WHAT TO DO:
The answer must give back every line of the data exactly, with no pictures.

══ GIVEN DATA ══

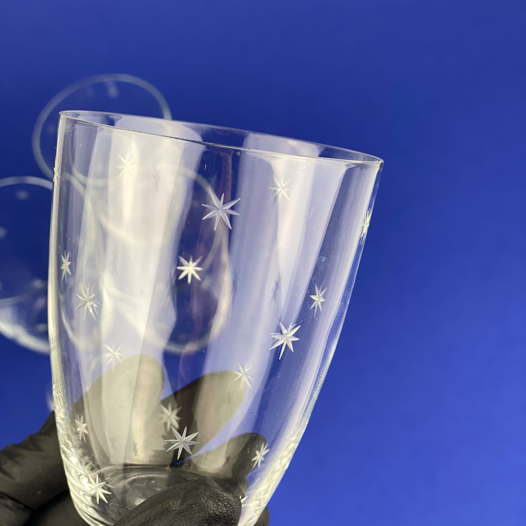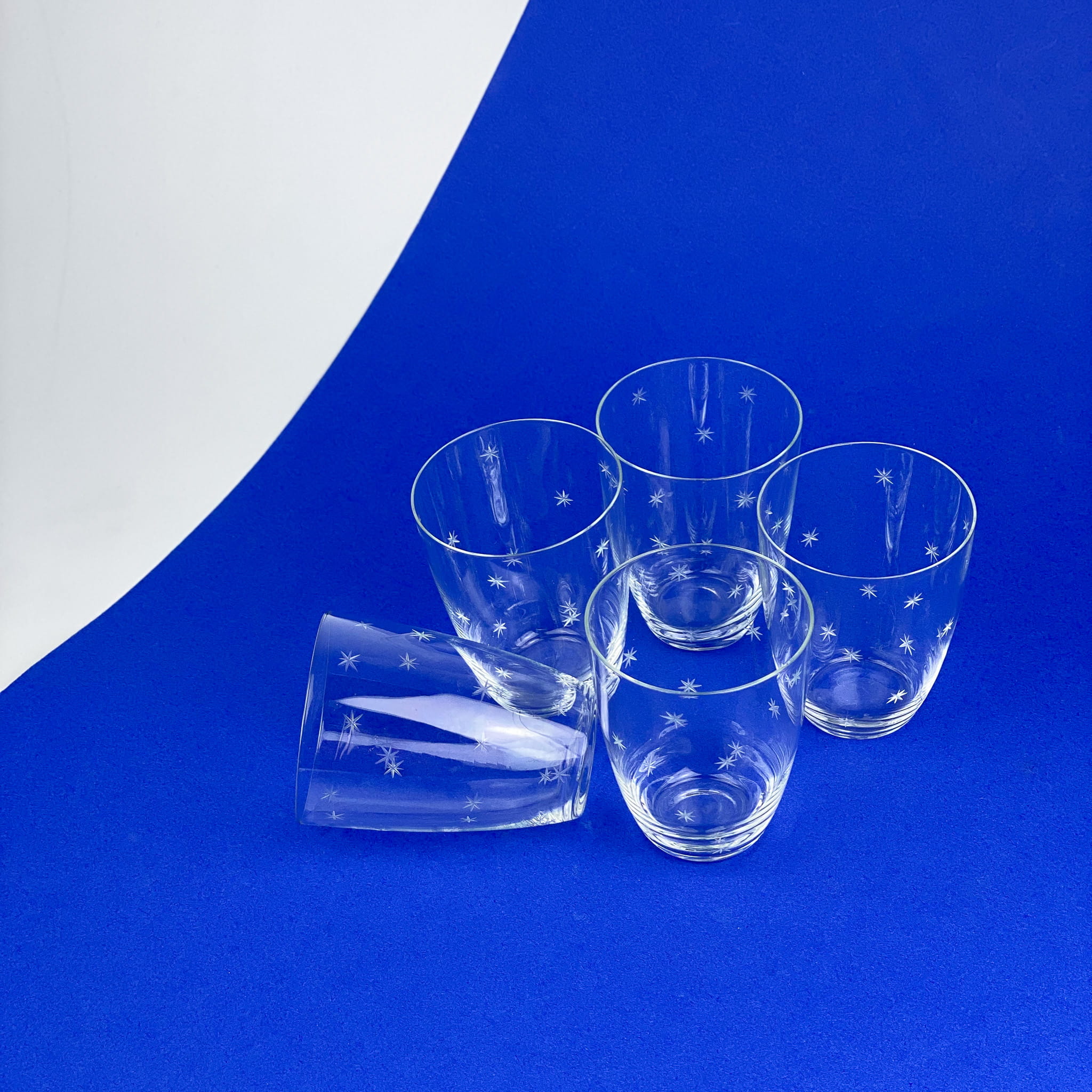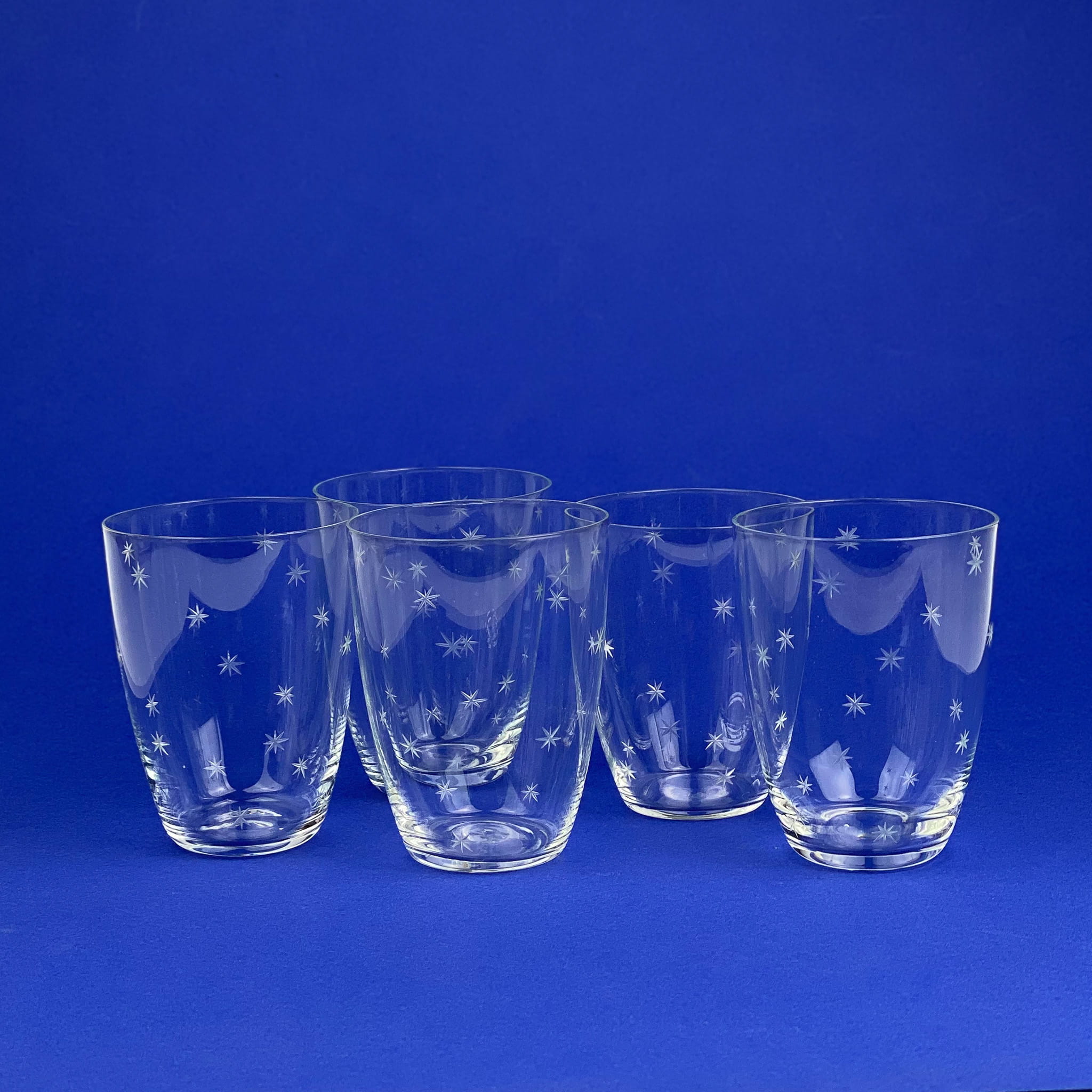 Szklanki z subtelnym szlifem w kształcie gwiazdek. Piękne, stare, ręczna robota, widać że nie takie badziewie jak teraz. Podejrzewam, że szkło kryształowe. Nie mają żadnych uszczerbków, jedna jest niższa od czterech pozostałych ale takie już uroki ręcznych wyrobów. Cudne! / średnica: 7 cm / wysokość: 10 cm / pojemność: 225 ml / 190 zł za komplet pięciu
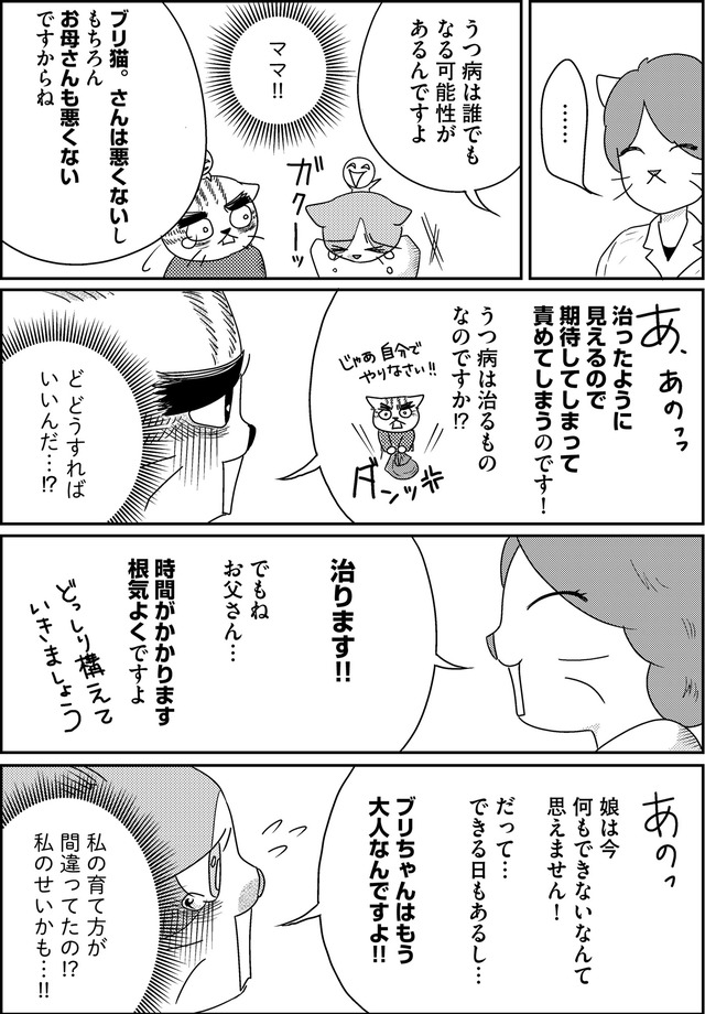 ブリ猫。父は定年間近でもバリバリ働き、娘・ブリ猫。は二人目の子供を出産したばかり。公私ともに順風満帆!……のはずだった。ある日、ブリ猫。が意識混濁で緊急搬送されたことで、初めて娘が“精神科”にかかっていること、薬を大量に飲んでOD(オーバードーズ)したことを知り……!?「何が原因?」「うつ?」「心の病気?」わからないことだらけだけど、患者とその家族が”双極性障害”を受け入れて生きていく……その半生を描いた感動の実録エッセイ!
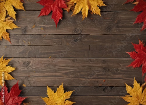 © Narawon, Obraz premium Crimson & gold maple leaves scattered on rustic wood grain , season, red
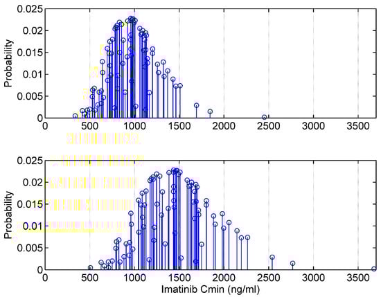 A priori discrete distribution of imatinib trough concentration at the steady state in a virtual patient. Upper panel, 400 mg/24 h; lower panel, 600 mg/24 h. The patient is a 60-year-old woman, her weight is 60 kg and she has CML.
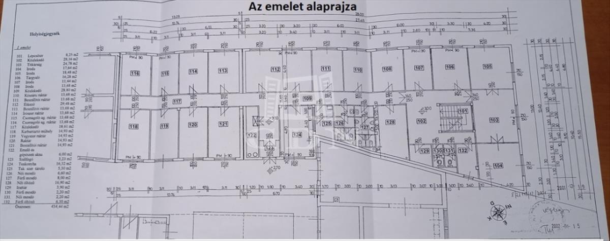 Az emelet hasznos alapterülete 287 nm, étkező, konyha, női és férfi WC-k, öltözők, tárgyaló, és 15 irodának vagy raktározásra használható szoba található ezen a szinten.
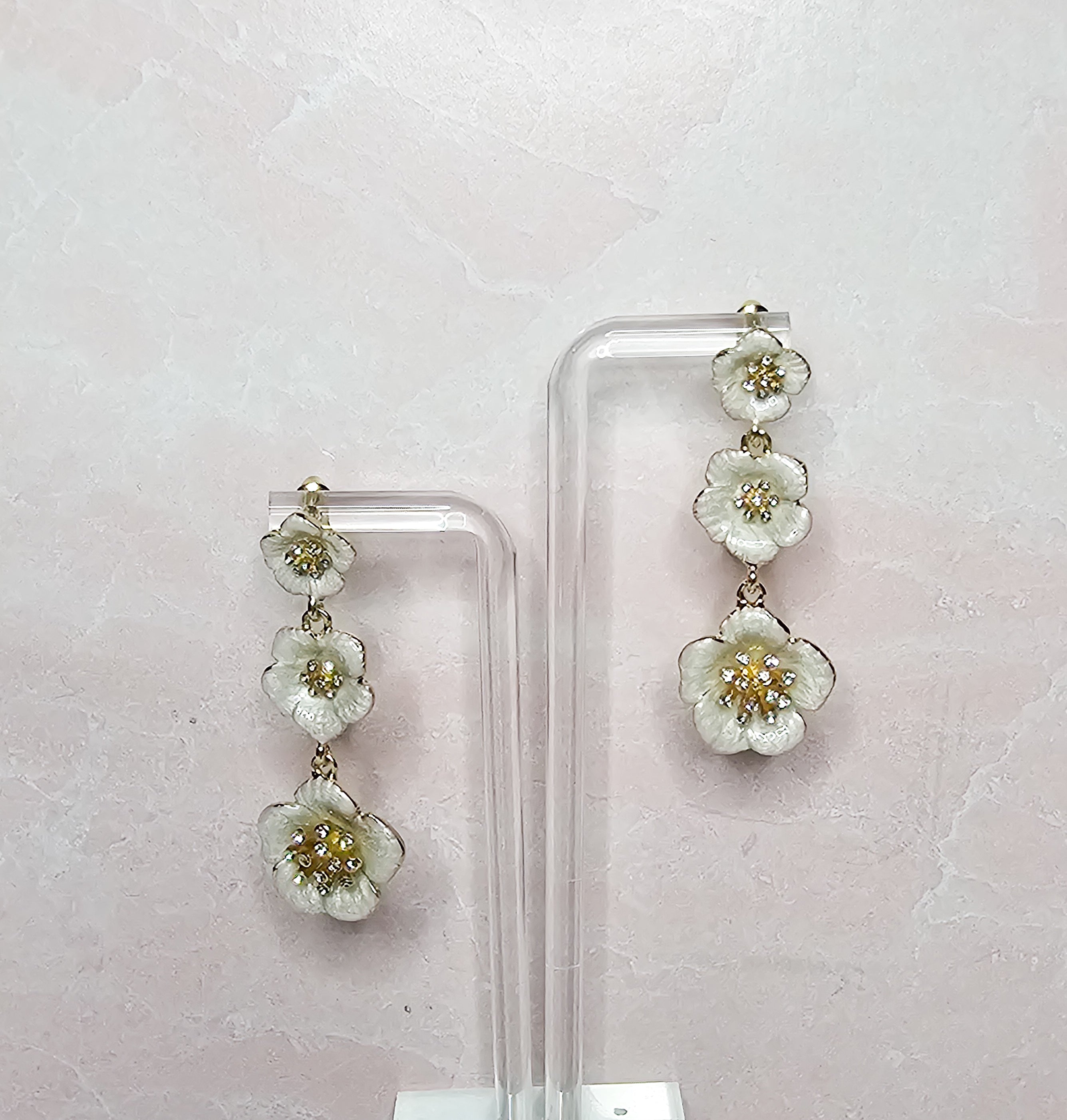Expertly crafted 3 tier flower earrings with elegant white flowers and sparkling rhinestones. Enhance any outfit with these stunning statement earrings. Perfect for adding a touch of sophistication and glamour.
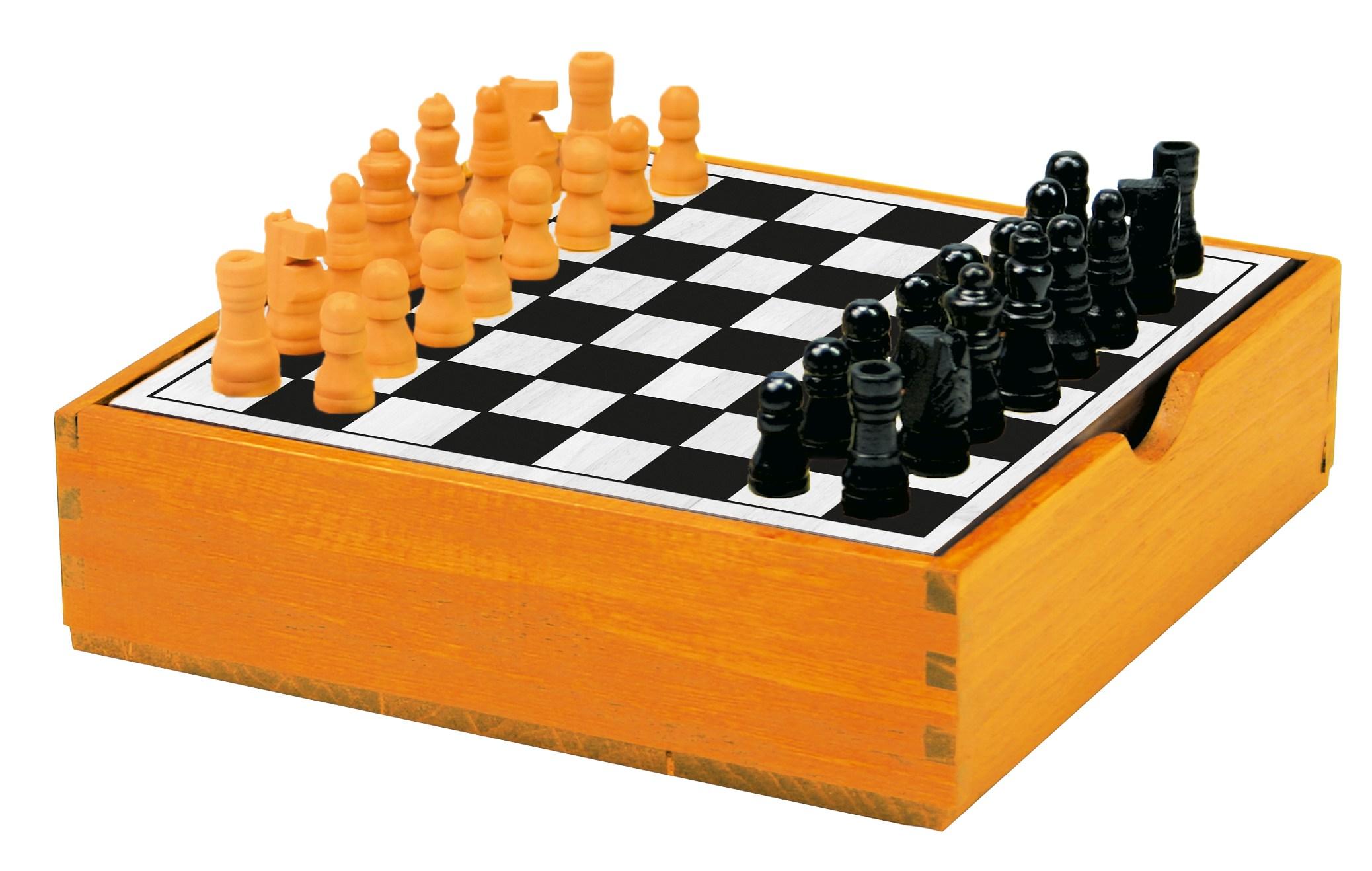 KLASYCZNIEJ BYĆ NIE MOŻE! Pole bitwy leży przed tobą – 64 pola i 32 szachowe bierki. Szachy fascynują ludzi od siódmego wieku naszej ery i … nic dziwnego. To niewielkich rozmiarów, solidne wydanie tej gry zawiera drewniane bierki schowane w niedużym, również drewnianym pudełku. Zawartość: 32 drewniane pionki (16 białych, 16 czarnych), drewniana szachownica, instrukcja. Gra logiczna dla 2 graczy w wieku 7+.
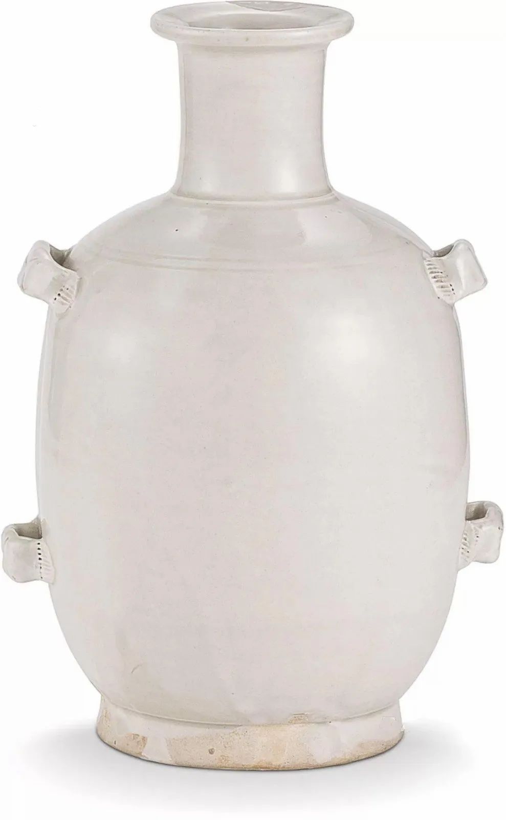 本品杯呈塑贴鹦鹉形,通体施白釉,鹦鹉其翼伸展成杯,小眼尖嘴,鸟首之上点褐彩装饰,以模仿真实鹦鹉之效,双足藏于器内,外翼以阴刻方式装饰羽翼,是具放生及实用结合器,混然天成。白釉莹洁雅致,造型古朴,同类传世极为罕有 邢窑拍卖榜第4名 五代至北宋 邢窑白釉四繋瓶
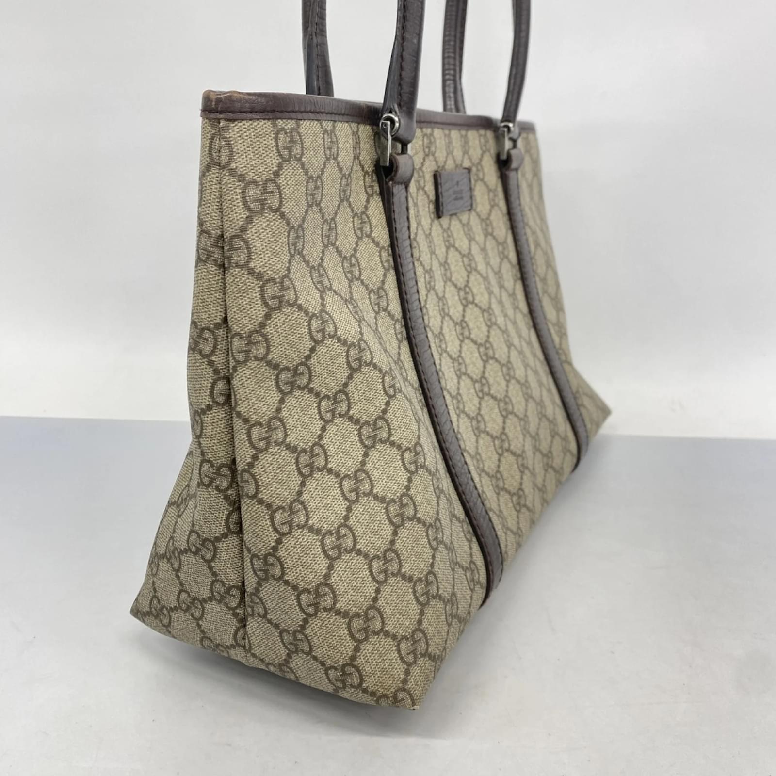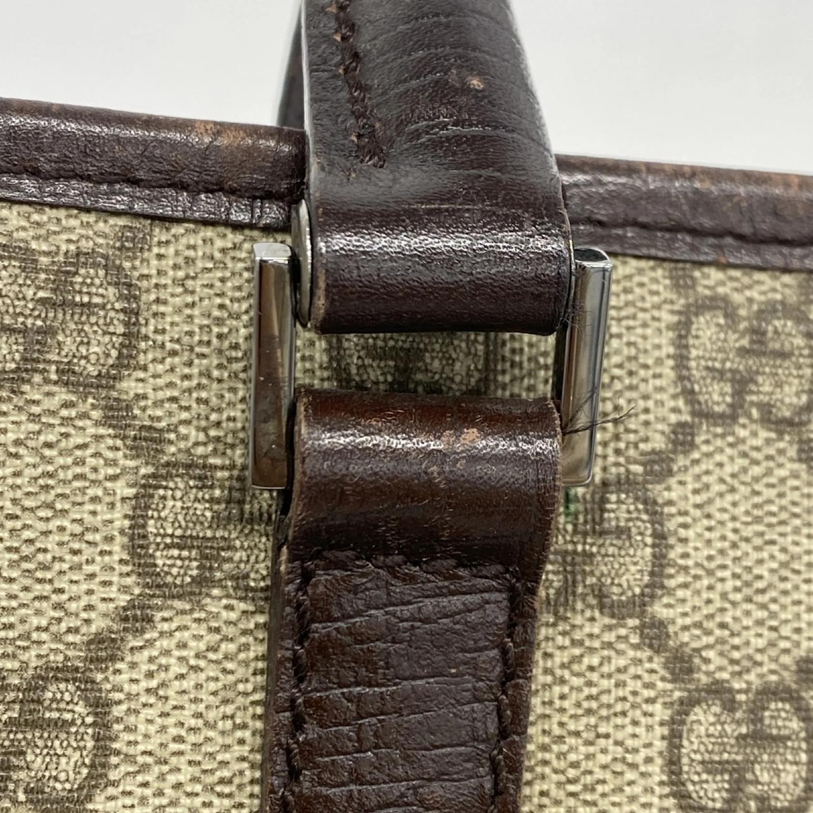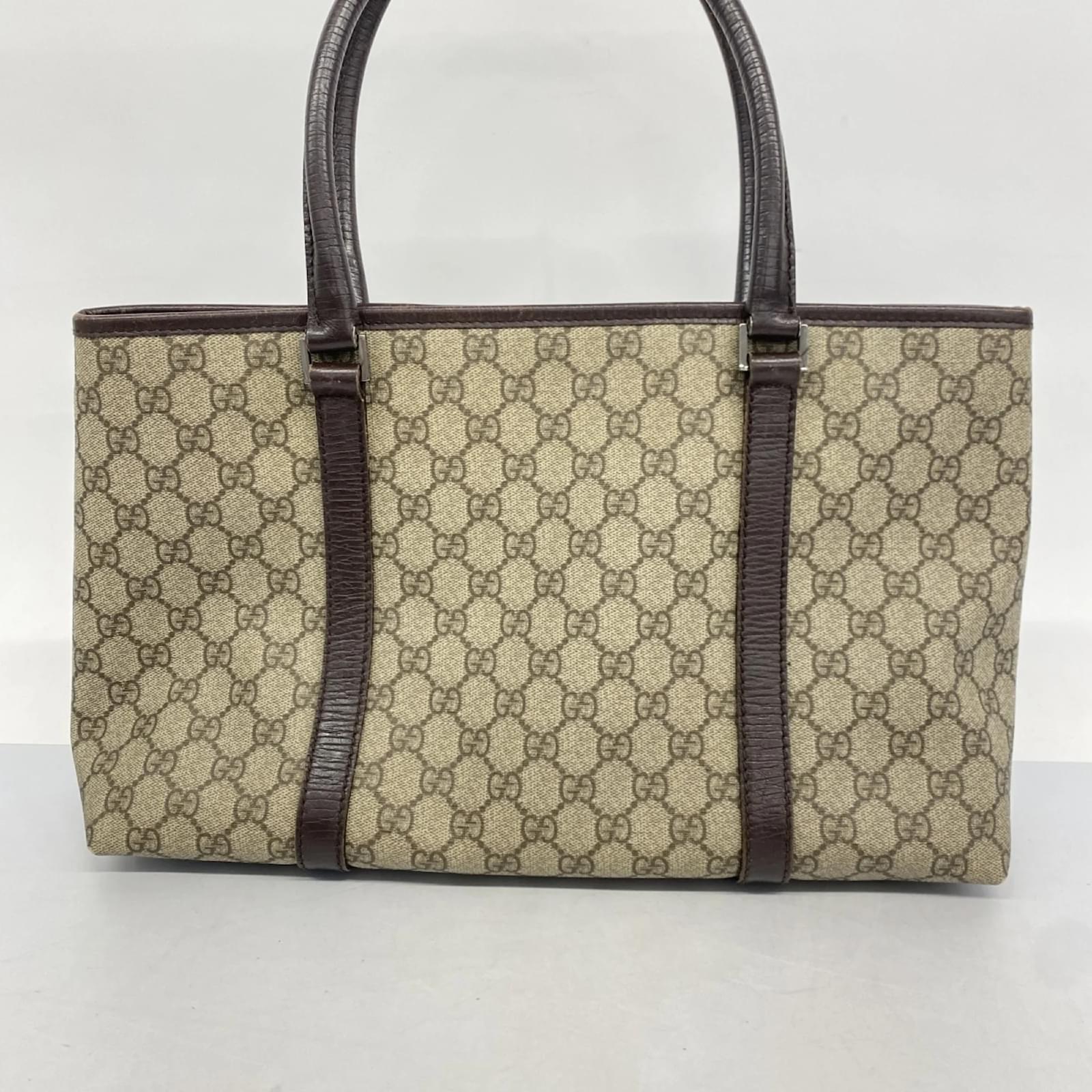 This Gucci tote bag features a classic brown color with silver hardware, crafted from durable PVC material. Measuring 25cm in height, 37cm in width, and 14cm in depth, it offers ample space for daily essentials. The bag is categorized as used but remains in good condition, showing slight traces of use, including minor scratches and dirt. It comes with a dust bag for protection. Potential buyers are encouraged to review the images for a detailed view of the item’s condition and included accessories.

═══

TASK RESULT:
 Szklanki z subtelnym szlifem w kształcie gwiazdek. Piękne, stare, ręczna robota, widać że nie takie badziewie jak teraz. Podejrzewam, że szkło kryształowe. Nie mają żadnych uszczerbków, jedna jest niższa od czterech pozostałych ale takie już uroki ręcznych wyrobów. Cudne! / średnica: 7 cm / wysokość: 10 cm / pojemność: 225 ml / 190 zł za komplet pięciu
 ブリ猫。父は定年間近でもバリバリ働き、娘・ブリ猫。は二人目の子供を出産したばかり。公私ともに順風満帆!……のはずだった。ある日、ブリ猫。が意識混濁で緊急搬送されたことで、初めて娘が“精神科”にかかっていること、薬を大量に飲んでOD(オーバードーズ)したことを知り……!?「何が原因?」「うつ?」「心の病気?」わからないことだらけだけど、患者とその家族が”双極性障害”を受け入れて生きていく……その半生を描いた感動の実録エッセイ!
 © Narawon, Obraz premium Crimson & gold maple leaves scattered on rustic wood grain , season, red
 A priori discrete distribution of imatinib trough concentration at the steady state in a virtual patient. Upper panel, 400 mg/24 h; lower panel, 600 mg/24 h. The patient is a 60-year-old woman, her weight is 60 kg and she has CML.
 Az emelet hasznos alapterülete 287 nm, étkező, konyha, női és férfi WC-k, öltözők, tárgyaló, és 15 irodának vagy raktározásra használható szoba található ezen a szinten.
Expertly crafted 3 tier flower earrings with elegant white flowers and sparkling rhinestones. Enhance any outfit with these stunning statement earrings. Perfect for adding a touch of sophistication and glamour.
 KLASYCZNIEJ BYĆ NIE MOŻE! Pole bitwy leży przed tobą – 64 pola i 32 szachowe bierki. Szachy fascynują ludzi od siódmego wieku naszej ery i … nic dziwnego. To niewielkich rozmiarów, solidne wydanie tej gry zawiera drewniane bierki schowane w niedużym, również drewnianym pudełku. Zawartość: 32 drewniane pionki (16 białych, 16 czarnych), drewniana szachownica, instrukcja. Gra logiczna dla 2 graczy w wieku 7+.
 本品杯呈塑贴鹦鹉形,通体施白釉,鹦鹉其翼伸展成杯,小眼尖嘴,鸟首之上点褐彩装饰,以模仿真实鹦鹉之效,双足藏于器内,外翼以阴刻方式装饰羽翼,是具放生及实用结合器,混然天成。白釉莹洁雅致,造型古朴,同类传世极为罕有 邢窑拍卖榜第4名 五代至北宋 邢窑白釉四繋瓶
 This Gucci tote bag features a classic brown color with silver hardware, crafted from durable PVC material. Measuring 25cm in height, 37cm in width, and 14cm in depth, it offers ample space for daily essentials. The bag is categorized as used but remains in good condition, showing slight traces of use, including minor scratches and dirt. It comes with a dust bag for protection. Potential buyers are encouraged to review the images for a detailed view of the item’s condition and included accessories.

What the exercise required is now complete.